• No results found

Cocaïne in bron en transitlanden: implicaties van smokkelscripts

Bevinding 4: Drugs, ondermijning en de rol van geweld

4.4 Cocaïne in bron en transitlanden: implicaties van smokkelscripts

In het vorige hoofdstuk kwam naar voren dat zowel de interviews als de door ons bestudeerde opsporingsonderzoeken slechts in beperkte mate inzicht geven in het logistieke proces van de invoer van cocaïne dat zich afspeelt in de bron- en transitlanden. Op basis van de smokkelscripts kan, aan de hand van door opsporingsdiensten verkregen informatie op basis van concrete, opgespoorde zaken, echter wel gereconstrueerd worden welke kennis en expertise er per smokkelscript in de bron- en transitlanden noodzakelijk is om de smokkel van verdovende middelen mogelijk te maken. We lichten daarbij de drie smokkelscripts, en de daarbij gebruikte smokkelscenario’s, nader toe. Implicaties voor het containerscript in bron- en transitlanden

In dit script vervult de container een belangrijke en centrale rol. Niet de concrete lading of goederen staat centraal, maar de container waar de verdovende middelen ofwel in de wanden, plafonds, vloeren of in de koelunit van de ‘reefer’ worden ingebouwd, ofwel in (sport)tassen die op het laatste moment toegevoegd worden aan een container met goederen (zie figuur 8).

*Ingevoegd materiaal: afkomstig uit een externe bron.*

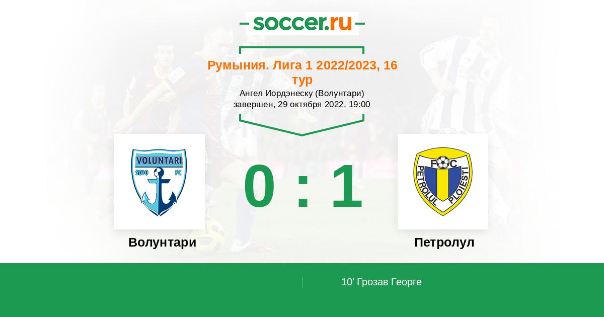 Протокол матча Волунтари против Петролул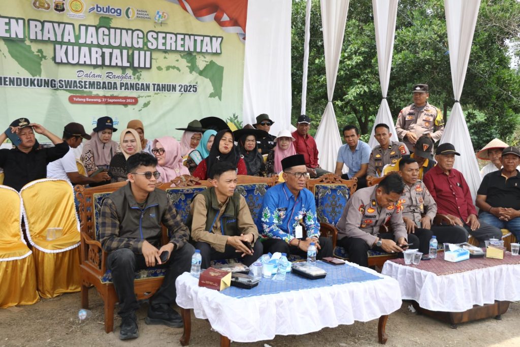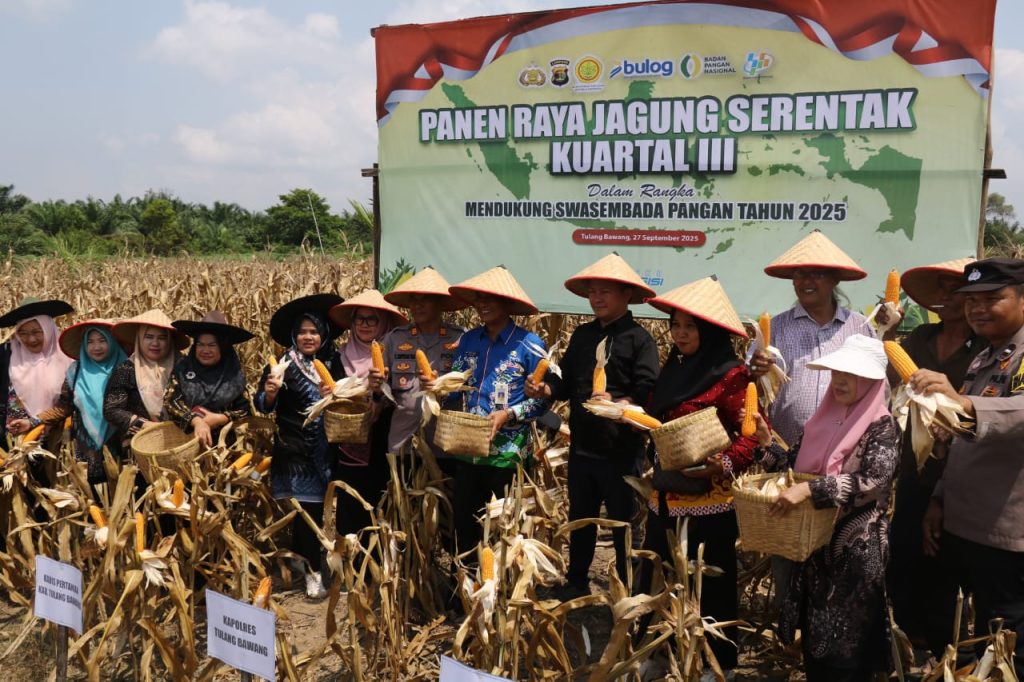 Tulang Bawang – Polres Tulang Bawang bersama unsur Forkopimda melaksanakan kegiatan Panen Raya Serentak Jagung Kuartal III yang digelar pada Sabtu, (27/09/2025), di lahan ketahanan pangan Kelurahan Menggala Kota, Kecamatan Menggala, Kabupaten Tulang Bawang.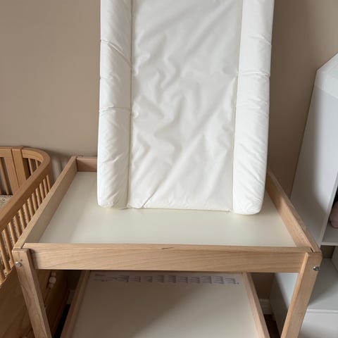 IKEA stellebord i lyst treverk med hvit stelleflate. Bordet har en opphøyd kant rundt stelleflaten for å bidra til at underlag og utstyr ligger stødig. Under stelleflaten er det en åpen hylle som gir plass til bleier, klær og annet stelleutstyr. Egnet til bruk på barnerom eller bad der man trenger en fast stelleplass.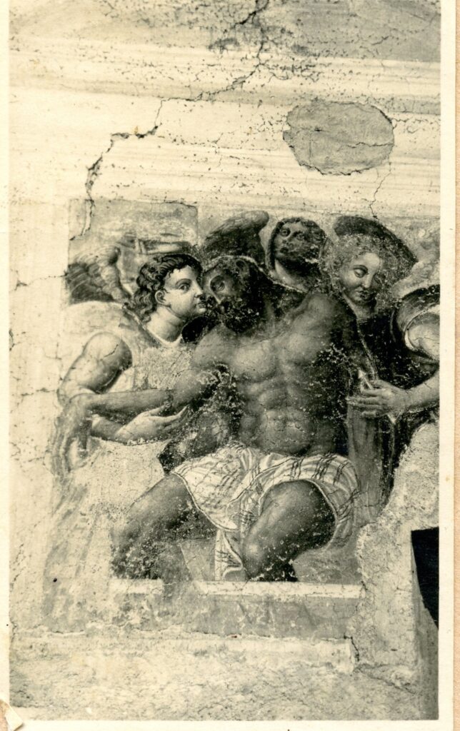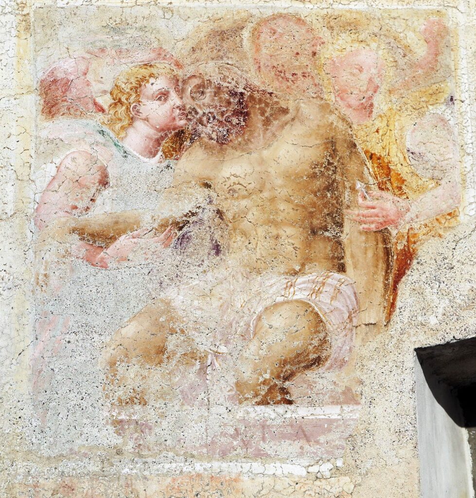 La presenza di Pellegrino Tibaldi, in qualità di pittore, è da segnalare nell’affresco esterno sulla facciata sud, sopra la porta laterale d’entrata, con il Cristo morto sorretto da tre angeli. L’affresco, che è un capolavoro di arte manieristica, databile verso il 1690, era situato molto probabilmente in corrispondenza della tomba di famiglia del Tibaldi, nel cimitero adiacente alla chiesa. Purtroppo molto ammalorato, a causa di un fallito strappo eseguito nel 1970, permette però ancora di leggere il corpo michelangiolesco del Cristo e una testa d’angelo dalla bionda capigliatura che ricorda l’arcangelo Michele della Sala Paolina di Castel Sant’Angelo a Roma eseguito dal Tibaldi tra il 1545 e il 1547.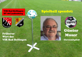 Die Spende des Spielballs für das Heimspiel gegen den SV 08 Laufenburg kommt von Ehrenmitglied Günter Muser aus Hertingen. Günter war zusammen mit seiner Elsbeth von 1980 – 1992 Pächter der Sportgaststätte des VfR Bad Bellingen. Die etwas älteren Kicker denken gerne an unzählige schöne Stunden in dieser Zeit im Kickerhisle zurück. Die VfR-Fans hoffen, dass der Spenderball einen Sieg einbringt und die drei Punkte gefeiert werden können. Herzlichen Dank für die Ballspende.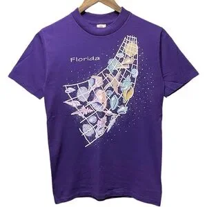 Description: vintage 80s or 90s Florida seashells and net front graphic short sleeve crewneck casual single stitch made in USA vacation T-shirt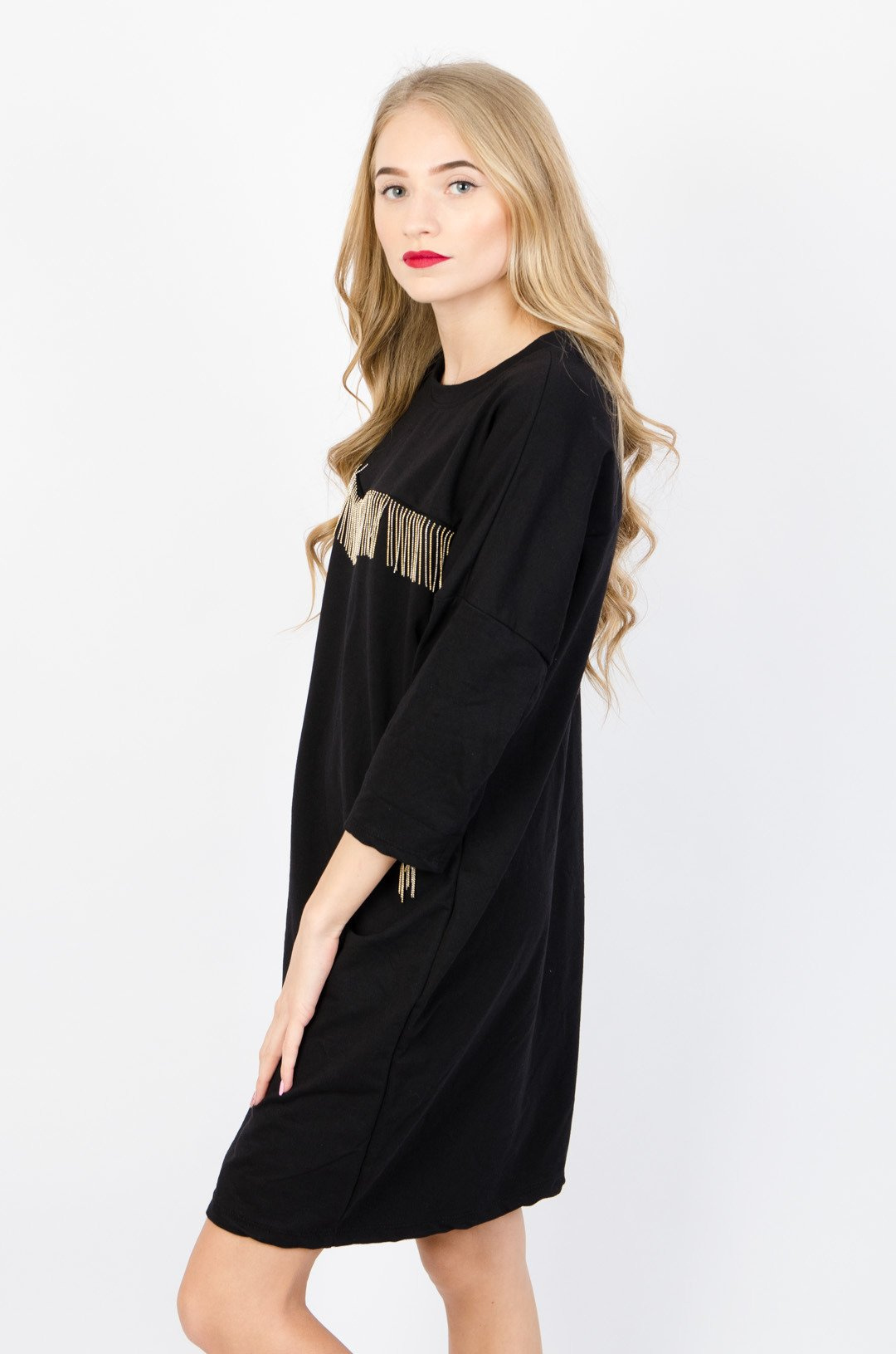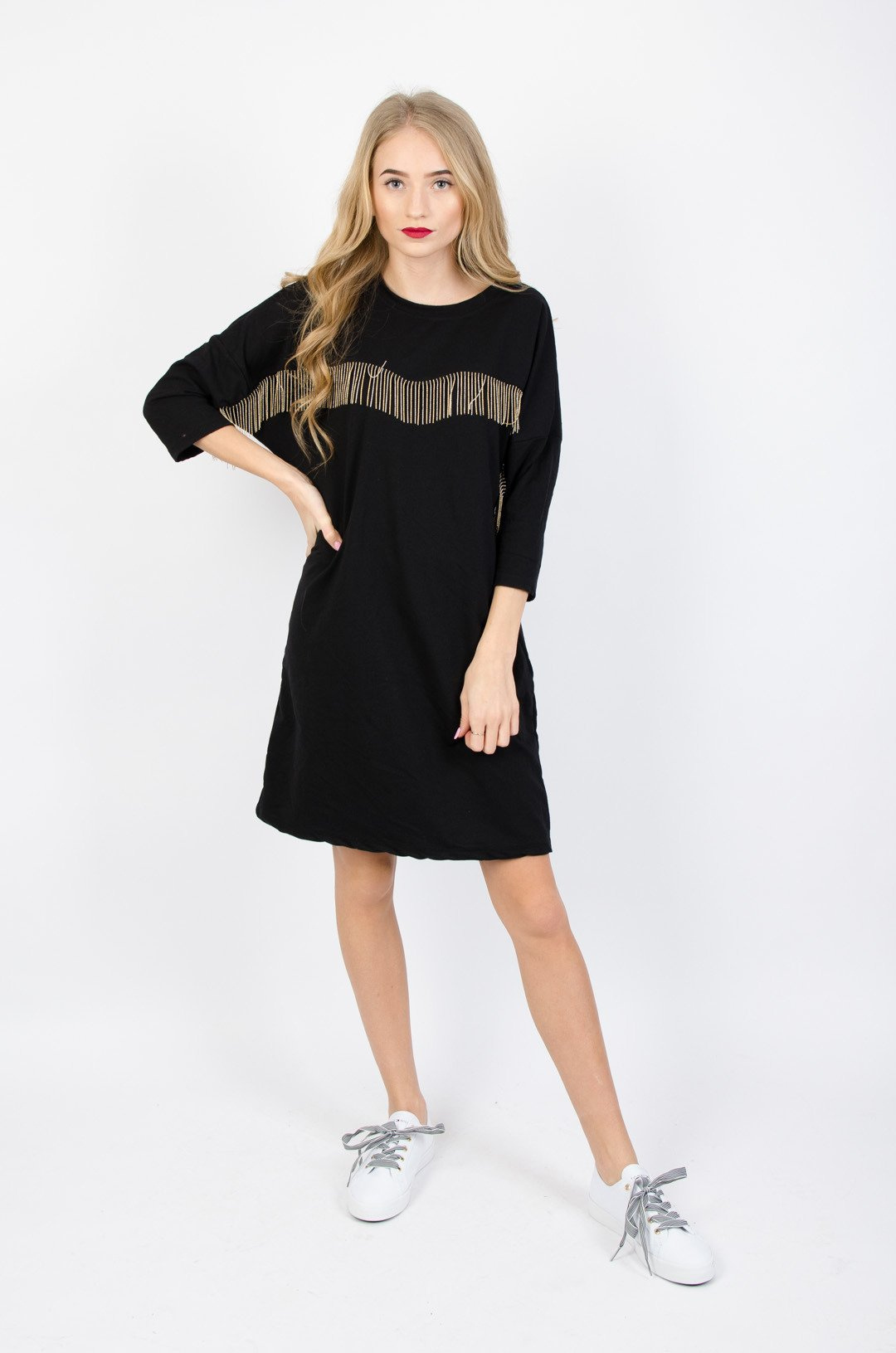 CZARNA DZIANINOWA SUKIENKA Z FRĘDZLAMI

Figuur 8: Containerscript: constructie en rip-off scenario

In het containerscript vallen vier scenario’s waar te nemen: een constructiescenario, twee rip-off- scenario’s en een switchscenario. In het eerste scenario worden de verdovende middelen in pakketten in de constructie van een (koel)container verstopt, bijvoorbeeld in de vloer, het plafond of de wanden. Deze handelingen vereisen kennis over het inbouwen van cocaïne in een container, maar in het bijzonder ook vaardigheden om ervoor te zorgen dat er niets te zien valt aan de lege container en er eveneens niets valt op te merken aan de container. In de ruimtes waar de verdovende middelen worden ingebouwd zit normaliter namelijk isolatiemateriaal dat ervoor zorgt dat de koude lucht in de container blijft (Pluimgraaff, 2016: 23-24). Het inbouwen van de cocaïne in de container vindt in Zuid-Amerika plaats, waarbij op basis van de bijna vierhonderd HARC-zaken die Pluimgraaff (2016) analyseerde in het bijzonder Panama, Ecuador, Colombia en Brazilië genoemd worden. Naast kennis en vaardigheden over het inbouwen, impliceert deze manier van smokkelen dat er zicht is op het gehele traject dat de container moet afleggen vanuit deze bronlanden naar de (eind)bestemming waar de verdovende middelen weer uit de container kunnen worden gehaald.

86

In dit opzicht valt een nadrukkelijk verschil waar te nemen met de andere drie containerscenario’s: de zogenaamde rip-off-scenario’s en het switchscenario. De verdovende middelen worden in deze scenario’s op een later moment in het logistieke proces aan een reguliere lading toegevoegd, meestal in de vorm van (sport)tassen die direct achter de containerdeur gezet zijn. De rip-off-scenario’s hebben een grotere kans van slagen wanneer mensen van binnenuit hun medewerking verlenen, in het bijzonder ook in het bronland (Eski & Buijt, 2016: 373). Het kan dan bijvoorbeeld gaan om havenmedewerkers op containerterminals, die de verdovende middelen in (sport)tassen, inclusief nieuwe containerzegels, achter de deuren van een container plaatsen. Bij het rip-off-scenario in een koelunit van de koelcontainer worden de verdovende middelen in pakketten bij de reguliere lading of in de compartimenten van de koelmotor van de container verstopt, een loze ruimte die apart bereikbaar is en zich aan de buitenzijde van de container bevindt.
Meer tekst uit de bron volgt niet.